[Task to complete]
In the records that follow, find the line containing "Model 340 transporting paper for shredding." and the line containing "Fig. 24. Chlorosis", then transcribe both and every line between them exactly, omitting pictures.

[Records shown]
^^^^
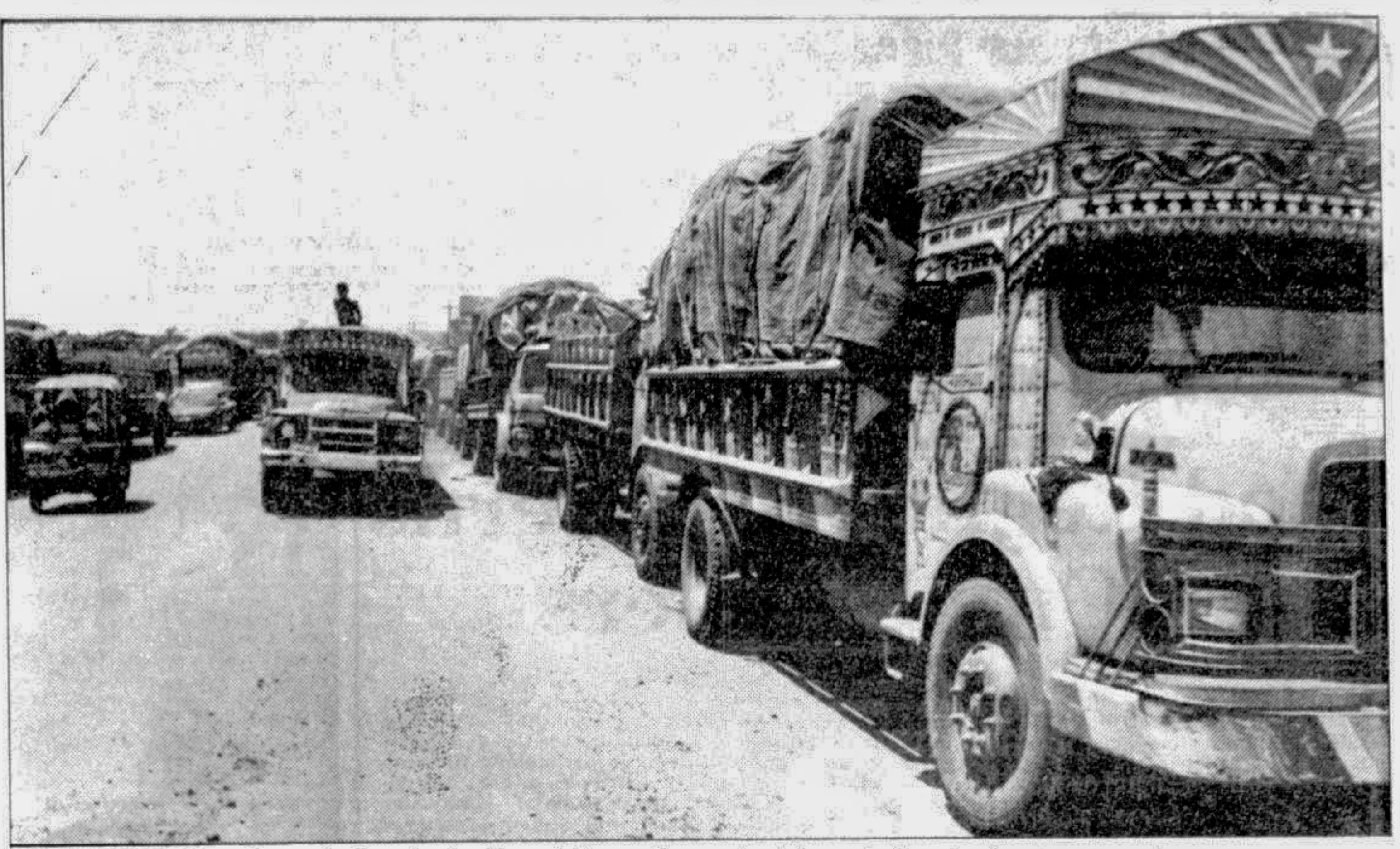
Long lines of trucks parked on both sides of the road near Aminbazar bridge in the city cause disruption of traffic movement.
^^^^
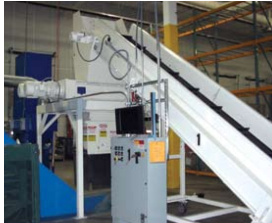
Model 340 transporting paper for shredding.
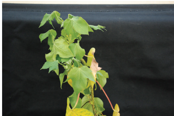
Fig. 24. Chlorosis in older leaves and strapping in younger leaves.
^^^^
[Answer space]
Model 340 transporting paper for shredding.
Fig. 24. Chlorosis in older leaves and strapping in younger leaves.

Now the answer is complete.